Fibonacci retracement is a popular trading strategy among forex traders. Since the importance of technical analysis cannot be understated, traders choose to utilise indicators such as Fibonacci retracements to assist them in the prediction of future price changes and positions. It is these trends that enable traders to know when and on what asset they should invest in.
The term Fibonacci refers to the Italian mathematician who came up with a number series in which the next digit is obtained by adding the two previous ones. Retracement on the other hand is defined as the interim turn-around of an overarching currency price trend. Both terms combined refer to the horizontal stripes in the trading chart that show where support and resistance are expected to take place.
Support is a phenomenon that transpires when plummeting prices halt and begin to go up after changing direction. Meanwhile, resistance is defined as the price at which an asset’s price stops increasing and begins moving in a downward trajectory. Support is often seen as a base which is sustaining the prices as they go higher while resistance is viewed as plafond preventing prices from rising above it.
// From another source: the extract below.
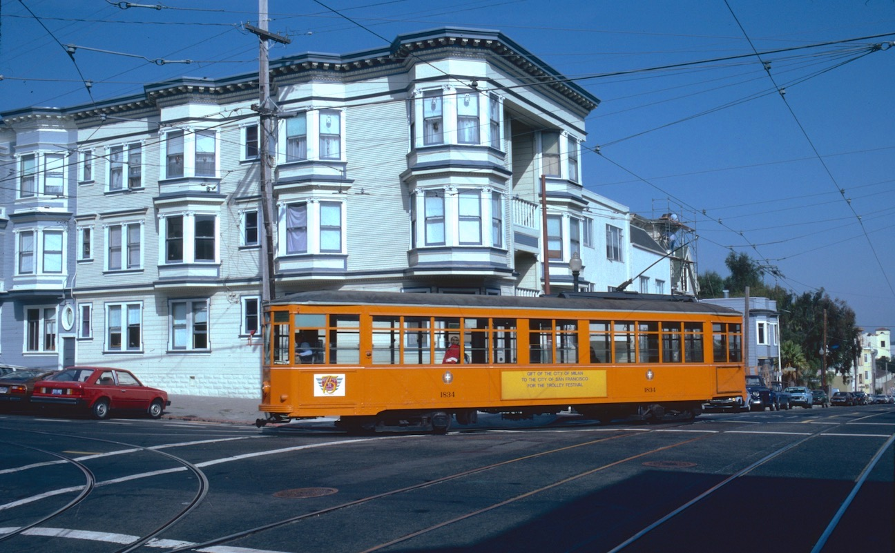 During the 1987 San Francisco Historic Trolley Festival, Milano car 1834 is turning from 17th Street north into the 1986-opened wye on Noe Street. (Some years later, the Noe Street track was made part of a full loop, no longer a dead-end wye, and the direction of travel was changed to one-way southbound only.) Note the sign on the car's side, reading "Gift of the City of Milan to the City of San Francisco for the Trolley Festival". The "75" decal at left was the logo Muni used in celebration of its 75th anniversary year (1987).

Fibonacci Sequence Properties that are used in Forex Trading
The Golden Ratio
The golden ratio is obtained by dividing a number by the one either preceding or succeeding it in the Fibonacci series. 1.618 is the value obtained by the former while 0.618 is its inverse that is gotten through the latter operation. The golden ratio is utilised as a key level in Fibonacci extensions while also forming the basis of various retracement levels.
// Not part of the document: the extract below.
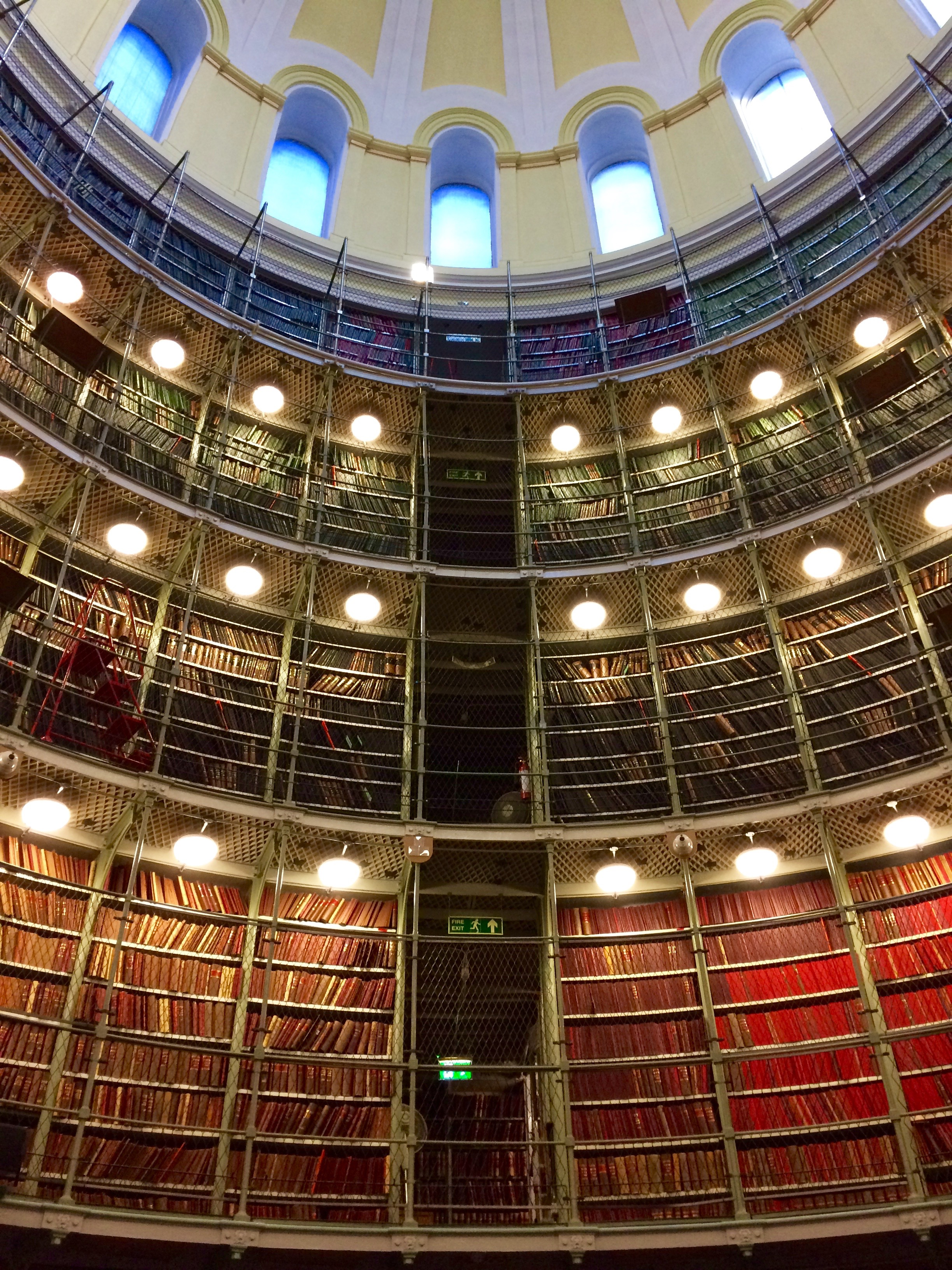 Edinburgh, Princes Street, General Register Office, Circular Record Hall.

Another retracement level can also be obtained by division of a number by the one two steps above it. The golden ratio together with the retracement and extension levels are used in trading to provide forecasts on the prices at which possible market turnarounds may occur.
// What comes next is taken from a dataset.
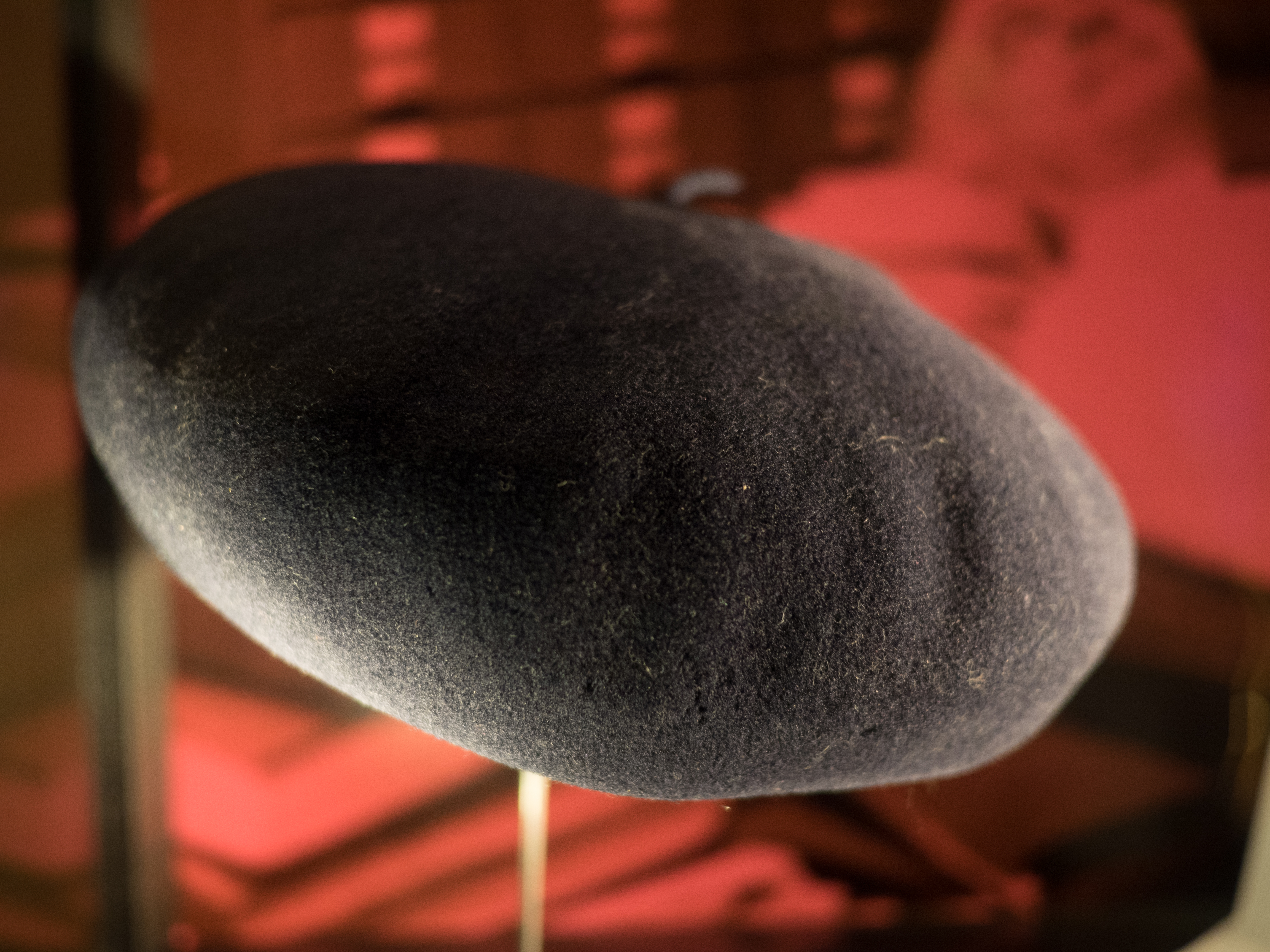 Linus Pauling's beret at the Nobel Museum in Stockholm

Fibonacci retracement levels are used to determine the best possible market entry points as far as price trends are put into consideration. This means that the previous moves in the market are used as the basis for determining the possible market turnaround points. 23.6, 38.2, 61.8 and 78.6 are the most common examples of Fibonacci retracement levels
A significant increase in price will prompt traders to engage in bottom to top measurement to try and determine where price is likely to retrace to before resuming the upward trajectory. Likewise, a significant decrease in price will occasion traders to perform top to bottom measurement so as to find out where price is likely to retrace to before resuming the downward spiral.
Fibonacci extension levels are utilised in finding out how far a price is likely to go after a retracement is completed. As opposed to retracement levels, extension levels are used in determining the end point of a particular market trend. Examples of extension levels include 100, 161.8 and 200.
When an increase in prices is the prevailing market trend, traders attempt to begin trading at the lowest point of the bounce before attempting to find out the most probable end point by measuring the previous retracement. Similarly, a trending decrease in price prompts traders to start trading at the lowest point of the correction as they measure the last retracement in an attempt to determine the possible endpoint of the trend. Advanced traders often use 161.8 to go into counter-trend trades.
Fibonacci Trading Strategies
The following are the various trading strategies that can utilise Fibonacci levels:
Fusing Moving Average Convergence Divergence with Fibonacci Retracement
MACD is an indicator that is used in order to find out and evaluate new bullish and bearish market trends. When an asset’s price matches a significant Fibonacci level, a position is likely to be opened within the bearing of the trend due to the crossing over of the MACD indicator.
Joining Fibonacci Levels to Stochastic Indicators
The stochastic indicator is a trading indicator that is used in forecasting trend reversals as well as in deducing situations where currencies have either been over-bought or over-sold. This strategy examines important stochastic signals when price comes in contact with a significant Fibonacci level.
Fibonacci levels are an important predictive technical analysis indicator. Mastering them is a vital step in achieving great success in the forex market.